Я кивнул, а потом, когда дед ушел, потер макушку и стал соображать. В приют мне страшно не хотелось. Надо было думать.

Я ходил по комнате взад и вперед, размахивал руками и строил в голове план. Потом стал собирать вещи. Положил в рюкзак батон хлеба, карандаши и блокнот. Следом достал из сарая велосипед, смазал ему цепь и накачал колеса. Присел на дорожку и хорошенько огляделся.
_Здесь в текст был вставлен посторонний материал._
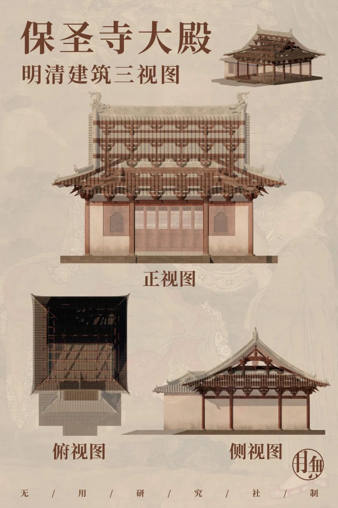 比例鲜明的铺作与大屋顶这样尺度的屋顶与用材,即使盖于明清五间甚至七间的建筑上依然不会失衡,可能还有富余。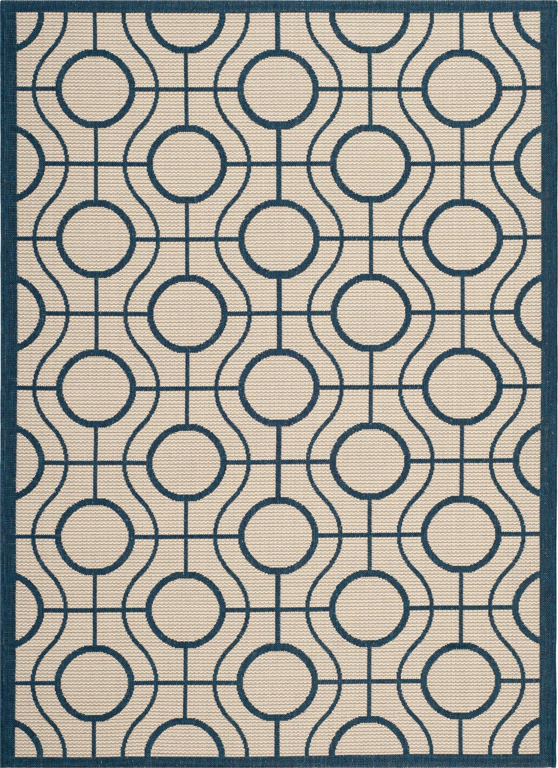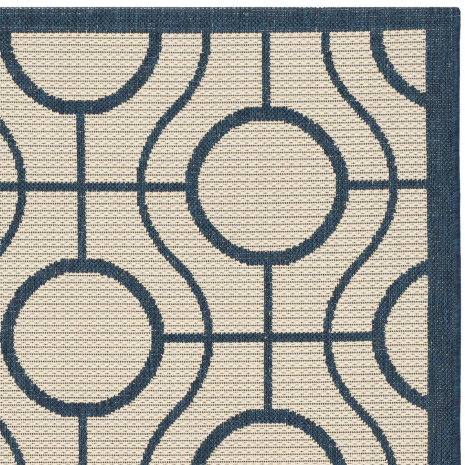 SAFAVIEH Courtyard Brian Geometric Indoor/Outdoor Area Rug, 5’3 x 7’7 , Beige/Navy

Мне показалось, что дом бабули ждет последние минуты и предвкушает, когда же здесь наступит покой. Печь как будто истаяла. Ряды дров рядом с ней, которые мы с бабушкой везли на санях той зимой, сильно поредели и стали похожи на кости древнего скелета. Свет из окон лёг полосами на пустой обеденный стол. Этот дом мне не был дорог по-настоящему, как был дорог маме и бабушке. Здесь было холодно и тоскливо. После расставания с бабулей в закутках шумел ветер. Из окон не было видно ничего, кроме полосы бесконечного леса, а в каждой вещи мне чудились бабушкины истории. Как же я хотел вернуться домой, в Москву, к людям, к её усатым троллейбусам и трамваям, к её гудящему метро и брусчатым улицам в центре! На один миг, когда дед Степан постучал в окно, я даже порадовался тому, что дом бабули может сгореть под потоком лавы. Но если я вернусь в Москву, значит, мне придется жить в детском доме? Этого нужно было избежать любой ценой.

Осталось самое сложное.

– Катька, – шепотом сказал я козе, подходя с ней к соседскому сараю. – Я тебя сейчас отведу к деду Степану, а ты молчи. Не кричи и не плачь по мне. Дед тебя не тронет. Он тебя любит и возьмет с собой.

Катька смотрела на меня тепло и спокойно. Я от души поцеловал её в розовый мокрый нос и обнял:

– Бегу, Катька, из деревни. Буду скучать.

Я не боялся вулкана. Мне надо было просто переждать немного, пока все уедут. Потом я вернусь в дом, потому что идти мне больше некуда.